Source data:
►

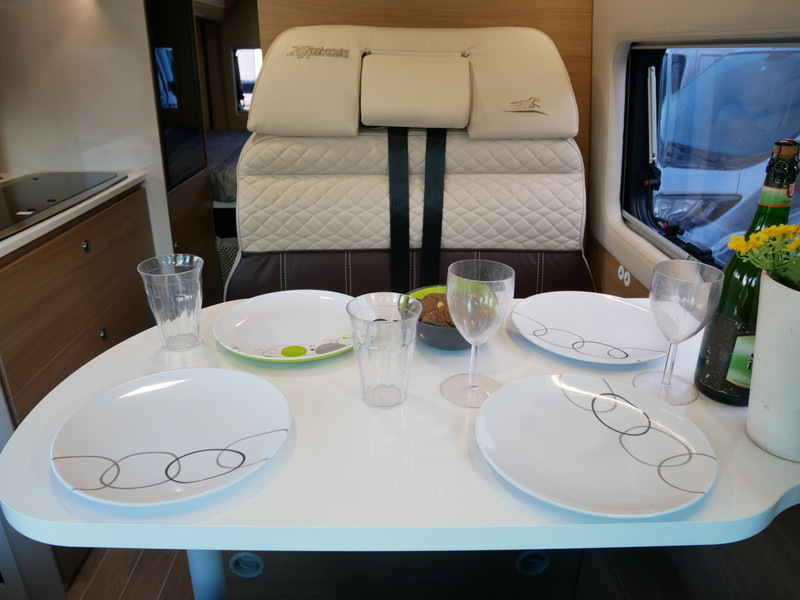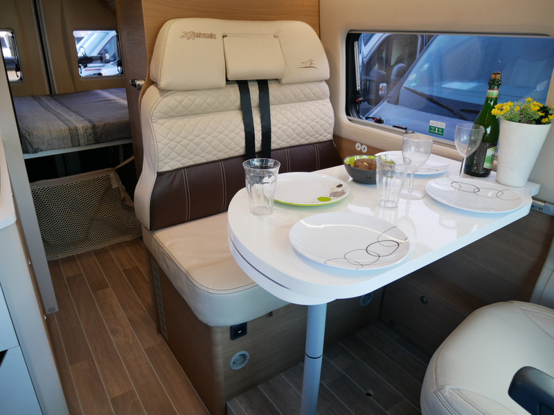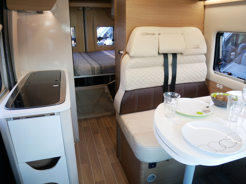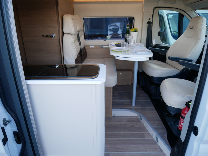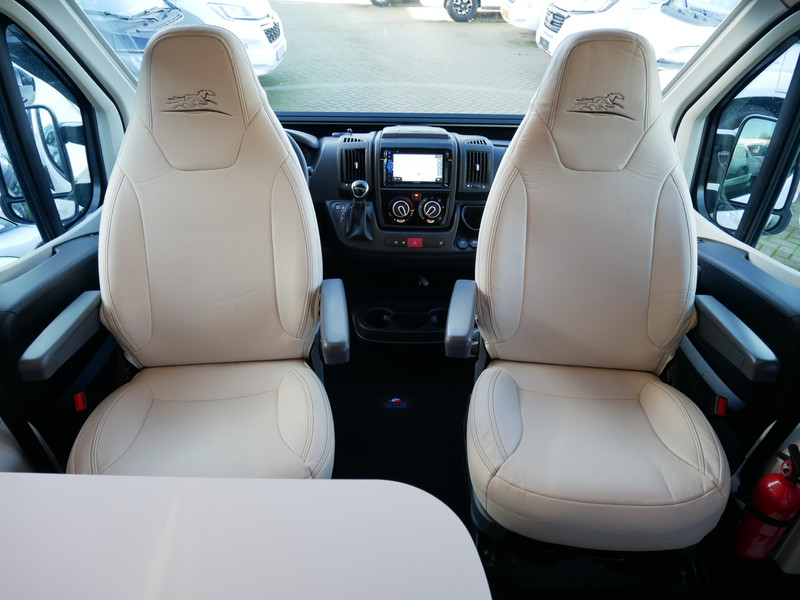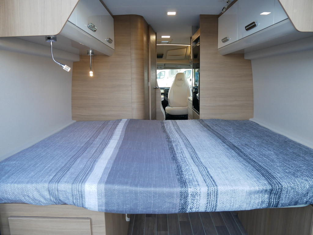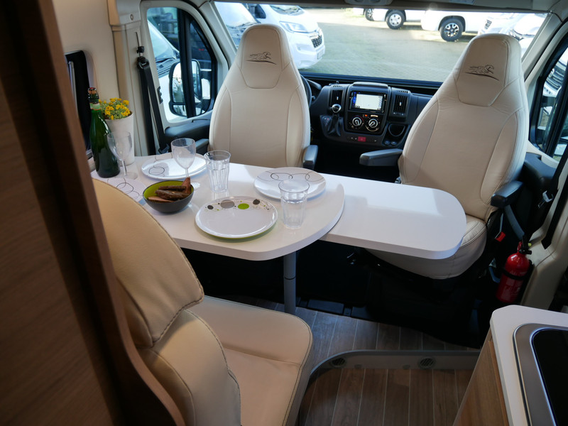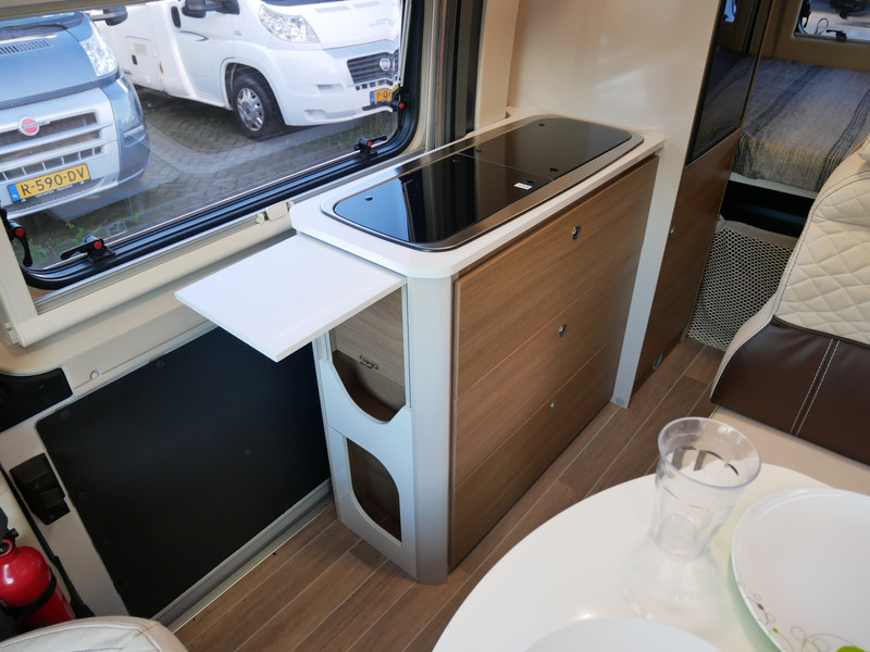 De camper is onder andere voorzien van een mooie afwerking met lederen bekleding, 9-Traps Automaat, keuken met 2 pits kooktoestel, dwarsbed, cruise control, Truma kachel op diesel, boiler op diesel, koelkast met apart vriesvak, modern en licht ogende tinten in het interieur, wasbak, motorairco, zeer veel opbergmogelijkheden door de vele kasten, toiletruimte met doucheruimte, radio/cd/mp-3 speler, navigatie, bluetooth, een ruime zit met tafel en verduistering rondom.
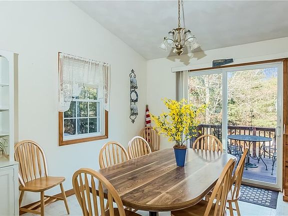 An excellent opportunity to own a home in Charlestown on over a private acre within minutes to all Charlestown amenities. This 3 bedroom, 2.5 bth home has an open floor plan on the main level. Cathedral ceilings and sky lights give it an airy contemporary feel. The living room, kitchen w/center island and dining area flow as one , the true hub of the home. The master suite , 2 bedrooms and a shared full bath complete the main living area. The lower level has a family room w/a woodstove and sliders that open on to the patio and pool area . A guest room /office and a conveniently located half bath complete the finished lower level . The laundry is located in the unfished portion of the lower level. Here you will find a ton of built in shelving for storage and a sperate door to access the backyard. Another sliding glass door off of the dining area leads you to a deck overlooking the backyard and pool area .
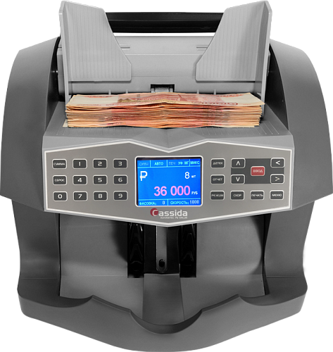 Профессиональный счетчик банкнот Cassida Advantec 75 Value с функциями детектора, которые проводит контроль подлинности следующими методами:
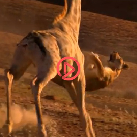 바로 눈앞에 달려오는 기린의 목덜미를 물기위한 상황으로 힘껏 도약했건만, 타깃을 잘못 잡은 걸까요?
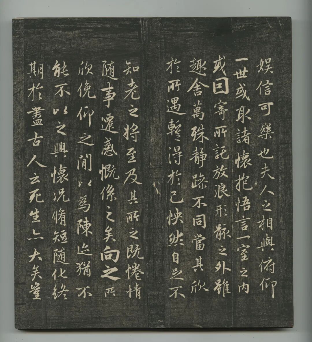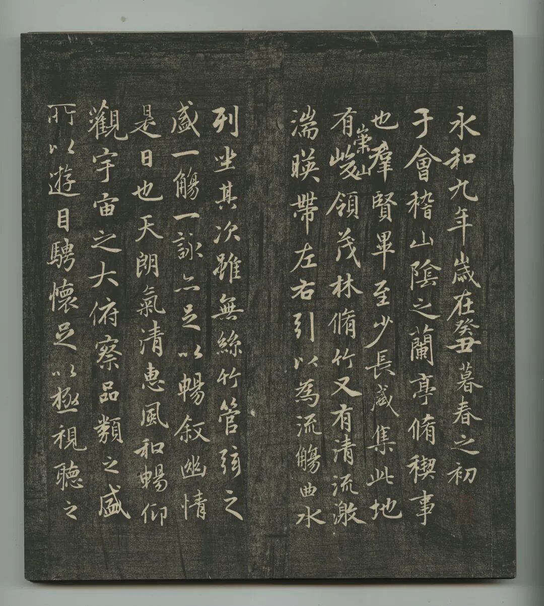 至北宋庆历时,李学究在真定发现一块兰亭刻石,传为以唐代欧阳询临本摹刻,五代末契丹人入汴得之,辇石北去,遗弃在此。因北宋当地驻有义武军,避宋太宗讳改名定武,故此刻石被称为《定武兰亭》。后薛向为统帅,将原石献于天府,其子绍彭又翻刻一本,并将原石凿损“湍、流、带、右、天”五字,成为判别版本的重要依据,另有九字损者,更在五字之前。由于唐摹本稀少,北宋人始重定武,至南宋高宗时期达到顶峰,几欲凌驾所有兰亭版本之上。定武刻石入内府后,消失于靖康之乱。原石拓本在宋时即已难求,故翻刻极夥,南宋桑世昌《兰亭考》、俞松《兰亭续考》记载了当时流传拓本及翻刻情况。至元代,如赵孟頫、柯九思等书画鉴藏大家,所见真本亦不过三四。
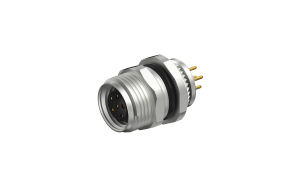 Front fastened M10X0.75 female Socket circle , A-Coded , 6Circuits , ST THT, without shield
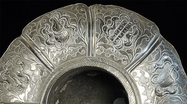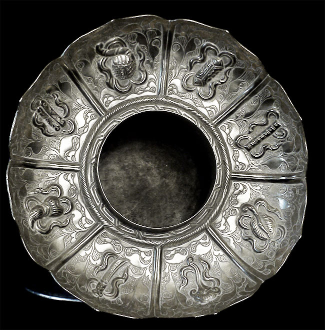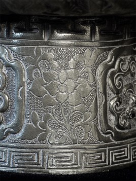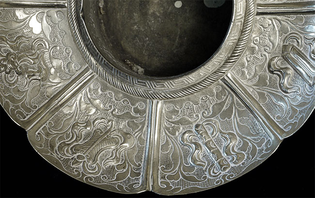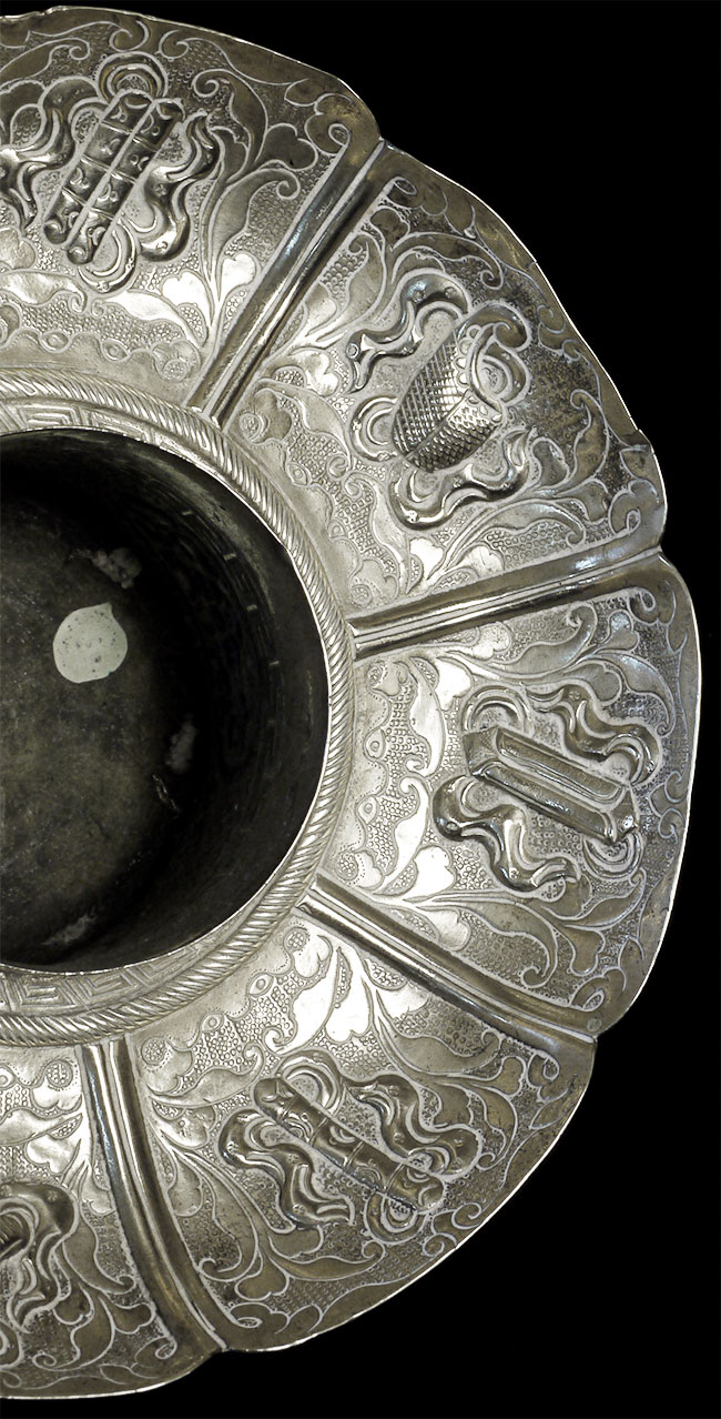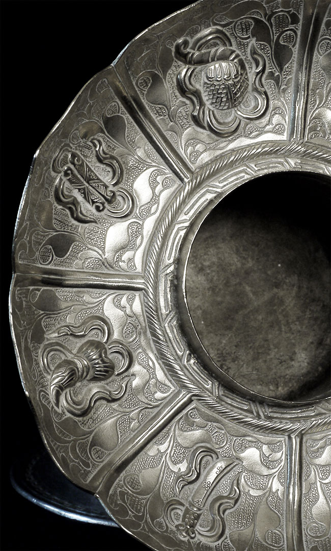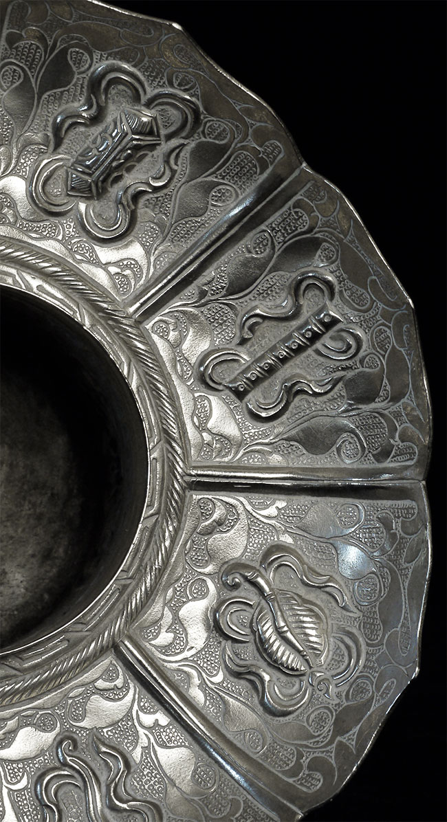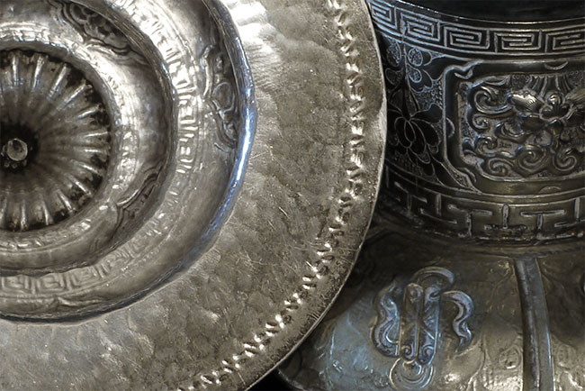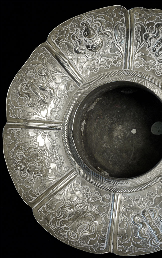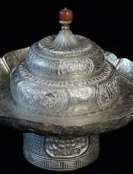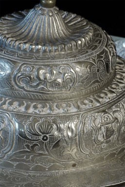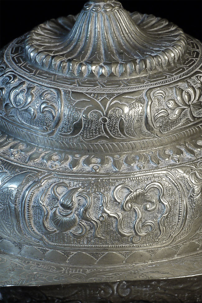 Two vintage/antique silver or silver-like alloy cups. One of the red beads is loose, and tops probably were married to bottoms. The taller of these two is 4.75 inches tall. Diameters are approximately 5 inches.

◄

→ **TASK DIRECTIONS**
The lines to retype begin with the one containing "바로 눈앞에 달려오는" and end with the last line of the records. Reproduce them exactly and omit the pictures.

→ **SOLUTION TO THIS EXERCISE**
 바로 눈앞에 달려오는 기린의 목덜미를 물기위한 상황으로 힘껏 도약했건만, 타깃을 잘못 잡은 걸까요?
 至北宋庆历时,李学究在真定发现一块兰亭刻石,传为以唐代欧阳询临本摹刻,五代末契丹人入汴得之,辇石北去,遗弃在此。因北宋当地驻有义武军,避宋太宗讳改名定武,故此刻石被称为《定武兰亭》。后薛向为统帅,将原石献于天府,其子绍彭又翻刻一本,并将原石凿损“湍、流、带、右、天”五字,成为判别版本的重要依据,另有九字损者,更在五字之前。由于唐摹本稀少,北宋人始重定武,至南宋高宗时期达到顶峰,几欲凌驾所有兰亭版本之上。定武刻石入内府后,消失于靖康之乱。原石拓本在宋时即已难求,故翻刻极夥,南宋桑世昌《兰亭考》、俞松《兰亭续考》记载了当时流传拓本及翻刻情况。至元代,如赵孟頫、柯九思等书画鉴藏大家,所见真本亦不过三四。
 Front fastened M10X0.75 female Socket circle , A-Coded , 6Circuits , ST THT, without shield
 Two vintage/antique silver or silver-like alloy cups. One of the red beads is loose, and tops probably were married to bottoms. The taller of these two is 4.75 inches tall. Diameters are approximately 5 inches.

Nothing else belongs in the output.